Gordes, part of the Luberion region, has been helmed in many tourist websites on Provence as one of the most beautiful villages of France, and after coming here, I can understand why. Gordes has also been mentioned in Peter Mayle’s best selling, famous book – A Year in Provence, which am sure has also helped in attracting curious tourists from round the world. Strangely, I have not read this book yet, and it makes me want to read it after having visited Provence.

First views of Gordes.
Ideally, it would be nice to stay a few nights in the Luberon region and explore the likes of Gordes, Menerbes and Bonnieux. However, given we had limited time, we decided to settle with driving at good speed from St Remy all the way to Gordes, given we had read and heard so much about it. Thankfully, it was only about an hour away.
It’s not difficult to spot Gordes, as our car meandered around the mountain roads, we could see the famous image of Gordes village perched on the hilltop. It was a sight to behold. It was a scorching hot day and we could see some crazy cyclists going up the mountain roads, – definitely out of their minds, and even a Chinese couple fully decked out in their wedding outfits taking pictures in front of the iconic hilly village of Gordes.

Glimpse of the Abbey from way up high on the mountains.
The key highlight in Gordes was to visit Abbey De Senanque, known for its iconic image of the lavender fields in front of it, typically in full bloom from late June to early August. We continued driving up the mountain roads till we figured it did not seem right, and then we saw the Abbey from afar in the green valley.
We made our way down, found a parking spot, unfortunately no shaded carpark to protect the car from this inferno heat, and quickly set about to take our key selfies and jumping shots around here.

Soft grey stone exterior of the Abbey.
We didn’t have a chance to book a guided tour of the Senanque and had to just do our own research about the history of the place while walking around the premises. It was first founded in 1148 and took a century to build – WOW! Presently, a small community of Cistercians still live in the premises, and they keep away very well from the tourists.
So, when visiting here, we should also respect them, which includes not making too much noise and also not wearing any sexy, revealing clothes. Given I am a Carebear, I was exempted from such rules, but for my fellow human friends, please don’t attempt to go full monty like me.
We observed the rules and guidelines before entering the church where services are still conducted. Compared to many other churches I have visited in Europe, the architecture here is almost intentionally austere and simplified, as our eyes gazed up at the tall arched ceilings inside the church. After saying a prayer to God, we made our way out to the beautiful lavender fields.

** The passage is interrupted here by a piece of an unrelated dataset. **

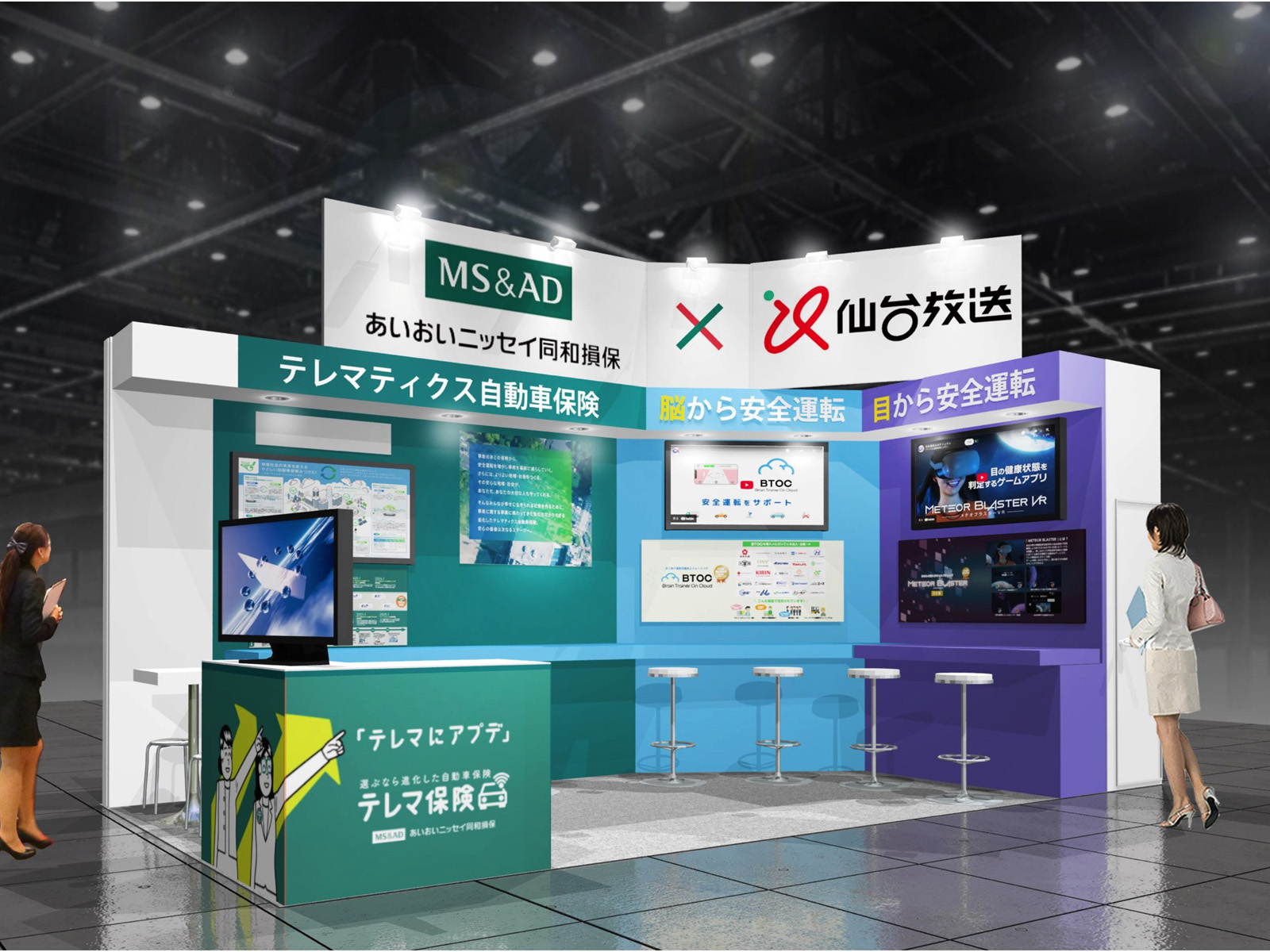 テレマティクス自動車保険・運転技能向上トレーニングBTOC(ビートック)を通じて、安全で快適な町づくりをリードします。データや先進技術を活用した交通事故の未然防止や、リスクを的確に把握・軽減する機能・サービスを提供し、安心な運転環境で持続可能なモビリティ社会の未来をみなさまと共に創造します。ブースでは、テレマティクス自動車保険とBTOCを疑似体験頂ける企画でお待ちしております。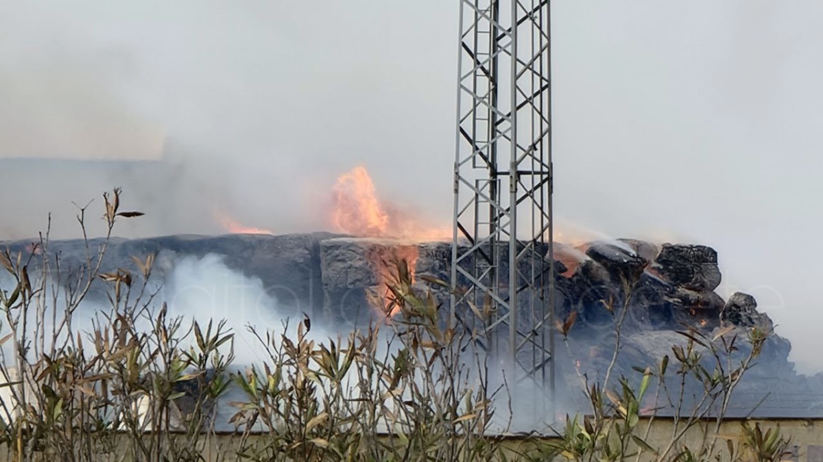 Por motivos que se encuentran bajo investigación, pasadas las 16:00 las llamas han comenzado a calcinar una zona de alpacas apiladas, material que ha ardido con gran virulencia y que ha provocado una gran columna de humo visible desde toda la ciudad y que llamaba la atención de cuantos transitaban por esta importante carretera.

Iconic lavender fields in full bloom.

My selfie shot in front of the lavender fields.

More of lavender fields.
It was not easy trying to get a beautiful shot of the lavender fields without having any tourists captured in it as well. It was the peak of summer and throngs of tourists were happy snapping the lavender fields. But we managed to do it finally, and before leaving we visited the church shop, which is a great place to stop by, selling lots of picture worthy postcards, lavender gifts, religious books and rosaries.

Church shop at Senanque Abbey.
After taking countless shots with the gals in front of the lavender fields, we decided to drive to the opposite side where the town of Gordes stood.
At this point, a cold shower would have been ideal, as trust me, although I looked so happy posing with the lavender fields, in reality we were all sweating buckets in the crazy heat. We had to settle for some cold drinks and sorbet at the luxurious La Bastide De Gordes hotel, which offers fantastic views of the Luberon Valley. We then made our way to the heart of the old town where the castle and church stood. We quickly walked around and admired the old stone buildings, and I love the tiny streets with the charming old doorway and arches throughout the town, feels rather romantic.


The center of the village with the church and castle.
The town is pretty small, and we eventually found ourselves at one of the key viewing points which offers an amazing panaromic view of the Luberon valley.

Beautiful panaromic view of the valley.
Tips on visiting Gordes
- If you wish for a guided tour of the Abbey Senanque, must book it online at least 48 hours in advance. Maximum of 50 people are allowed in the tours (conducted in French, but with brochures in other languages), which not only covers the main church but also shows the monk’s domitory.
- Apparently, as I researched online, retreats are also welcome for those who wish to just take time off to meditate and stay in the Abbey (at 30 euros a day). To request a retreat, write to the Frère Hôtelier (hospitality brother) at Abbaye Notre-Dame de Sénanque, 84220 Gordes France.
- Gordes market takes place every Tuesday morning in the heart of the village, so if you wish to visit the market, you could do this whole area in a Tuesday.
- If you are obsessed with seeing more lavender fields in summer, Sault is apparently the best place to view them in addition to Abbey Senanque (approximately 1 hour drive from Gordes).

A final selfie shot in front of Gordes before we leave.